Stored items from a collection
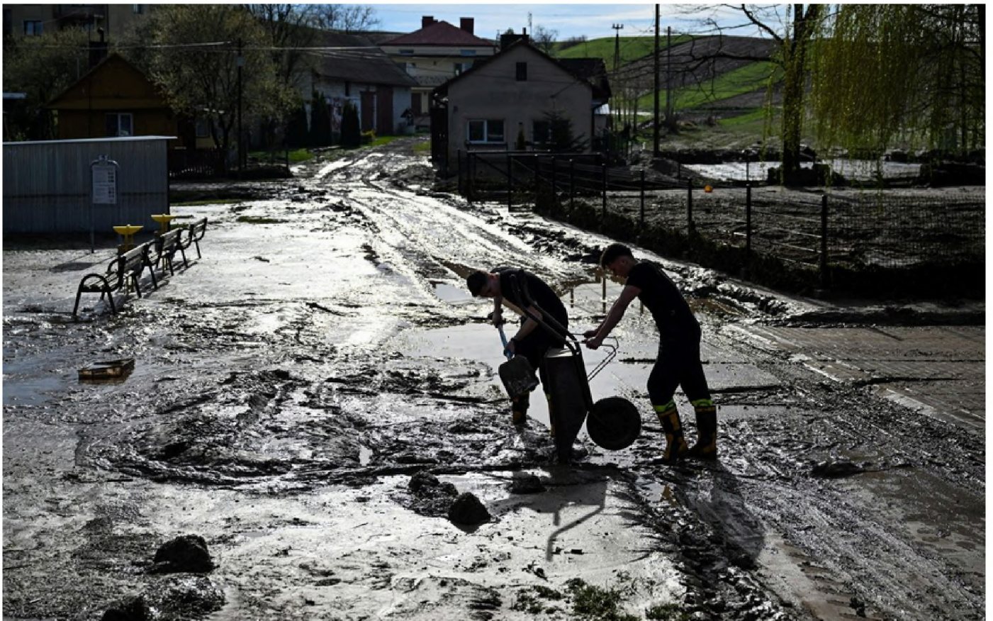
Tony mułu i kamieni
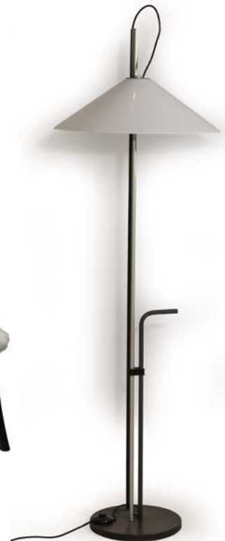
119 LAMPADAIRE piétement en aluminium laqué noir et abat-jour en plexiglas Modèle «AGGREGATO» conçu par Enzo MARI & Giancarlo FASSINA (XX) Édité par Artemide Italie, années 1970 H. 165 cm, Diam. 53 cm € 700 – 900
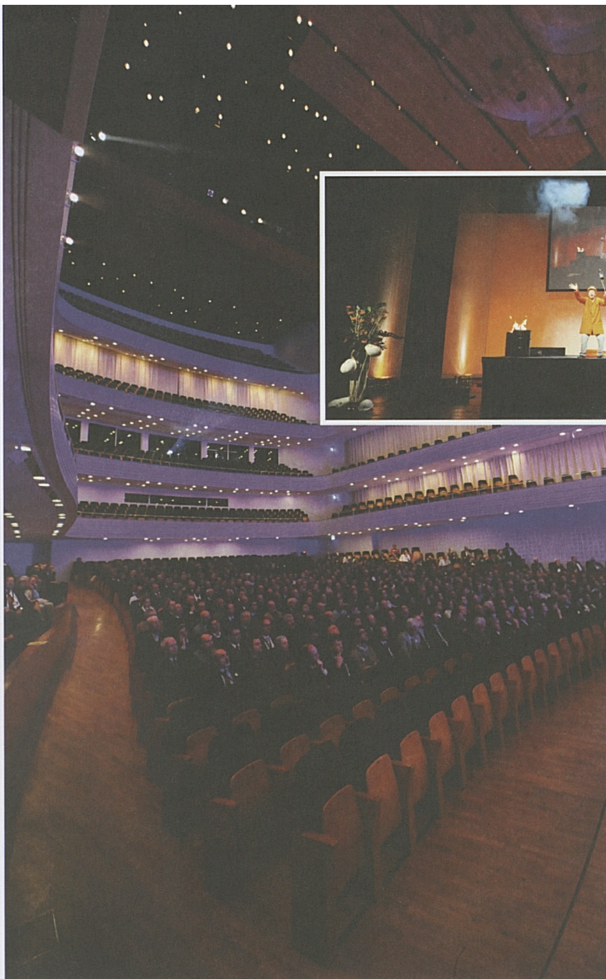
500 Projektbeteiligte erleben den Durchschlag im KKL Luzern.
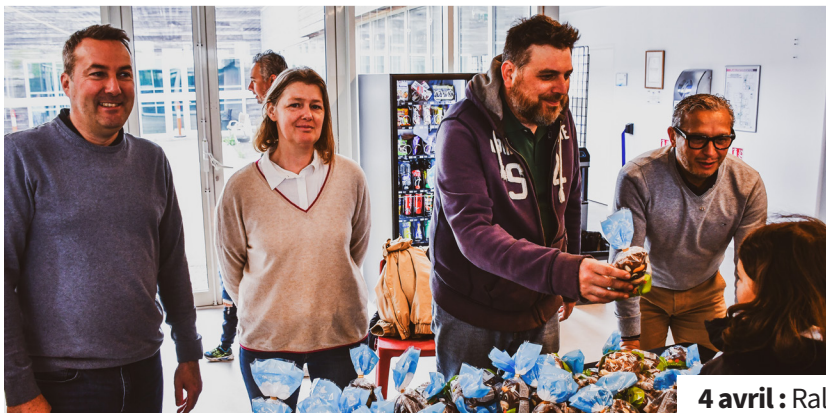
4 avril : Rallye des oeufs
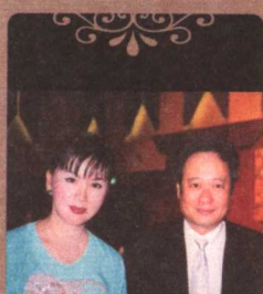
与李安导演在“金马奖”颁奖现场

YOUR ASSIGNMENT:
The result should be every line of the data, reproduced exactly, with the images removed.

REPLY:
Tony mułu i kamieni
119 LAMPADAIRE piétement en aluminium laqué noir et abat-jour en plexiglas Modèle «AGGREGATO» conçu par Enzo MARI & Giancarlo FASSINA (XX) Édité par Artemide Italie, années 1970 H. 165 cm, Diam. 53 cm € 700 – 900
500 Projektbeteiligte erleben den Durchschlag im KKL Luzern.
4 avril : Rallye des oeufs
与李安导演在“金马奖”颁奖现场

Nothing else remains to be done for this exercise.